DIRECTIONS: In the listing below, find the line containing "图1| HER与Zn还原的解耦电化学过程。(a) 用于电化学研究的三电极系统示意图。(b)" and the line containing "OBJ、STL 和 FBX,只需单击下载按钮即可。". Repeat exactly those two lines and every line between them.

SUPPLIED DATA:
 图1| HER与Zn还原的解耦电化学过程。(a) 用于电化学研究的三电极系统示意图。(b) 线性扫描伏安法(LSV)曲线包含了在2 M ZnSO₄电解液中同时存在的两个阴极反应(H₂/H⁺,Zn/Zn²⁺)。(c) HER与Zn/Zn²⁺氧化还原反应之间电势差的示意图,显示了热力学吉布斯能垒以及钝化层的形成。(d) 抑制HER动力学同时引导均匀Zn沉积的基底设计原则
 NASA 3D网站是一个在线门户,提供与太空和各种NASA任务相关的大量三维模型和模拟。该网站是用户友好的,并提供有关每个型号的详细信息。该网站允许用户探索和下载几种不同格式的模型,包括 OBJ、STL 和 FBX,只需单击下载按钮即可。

---

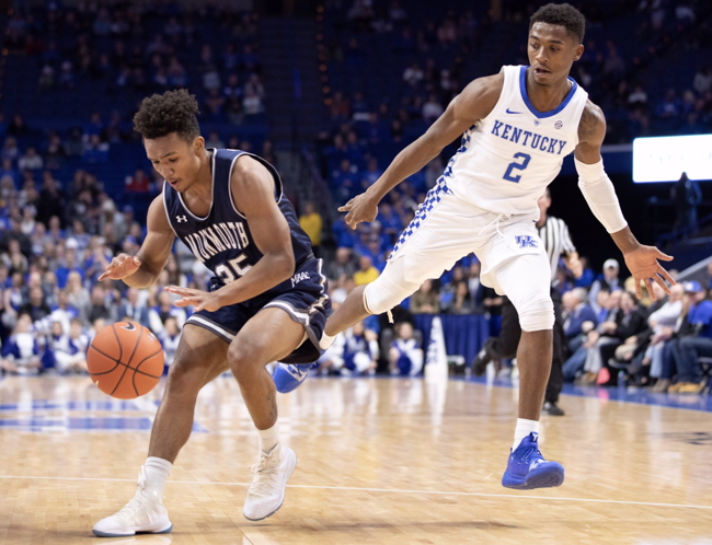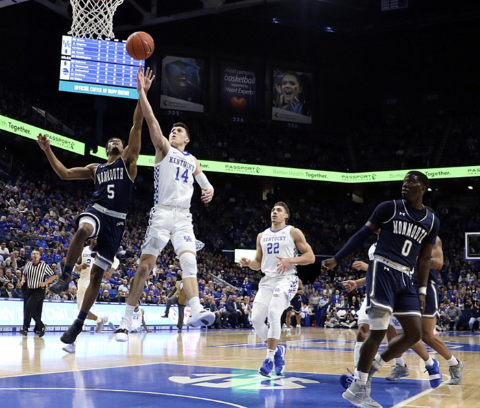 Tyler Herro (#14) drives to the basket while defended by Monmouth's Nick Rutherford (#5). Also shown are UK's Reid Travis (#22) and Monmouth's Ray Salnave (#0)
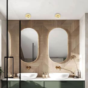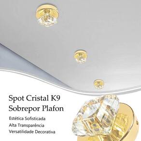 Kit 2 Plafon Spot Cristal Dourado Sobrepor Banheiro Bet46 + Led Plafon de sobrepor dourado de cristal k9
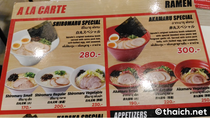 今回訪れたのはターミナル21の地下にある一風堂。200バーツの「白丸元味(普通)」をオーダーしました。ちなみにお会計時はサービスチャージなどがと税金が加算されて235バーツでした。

EXPECTED OUTPUT:
 图1| HER与Zn还原的解耦电化学过程。(a) 用于电化学研究的三电极系统示意图。(b) 线性扫描伏安法(LSV)曲线包含了在2 M ZnSO₄电解液中同时存在的两个阴极反应(H₂/H⁺,Zn/Zn²⁺)。(c) HER与Zn/Zn²⁺氧化还原反应之间电势差的示意图,显示了热力学吉布斯能垒以及钝化层的形成。(d) 抑制HER动力学同时引导均匀Zn沉积的基底设计原则
 NASA 3D网站是一个在线门户,提供与太空和各种NASA任务相关的大量三维模型和模拟。该网站是用户友好的,并提供有关每个型号的详细信息。该网站允许用户探索和下载几种不同格式的模型,包括 OBJ、STL 和 FBX,只需单击下载按钮即可。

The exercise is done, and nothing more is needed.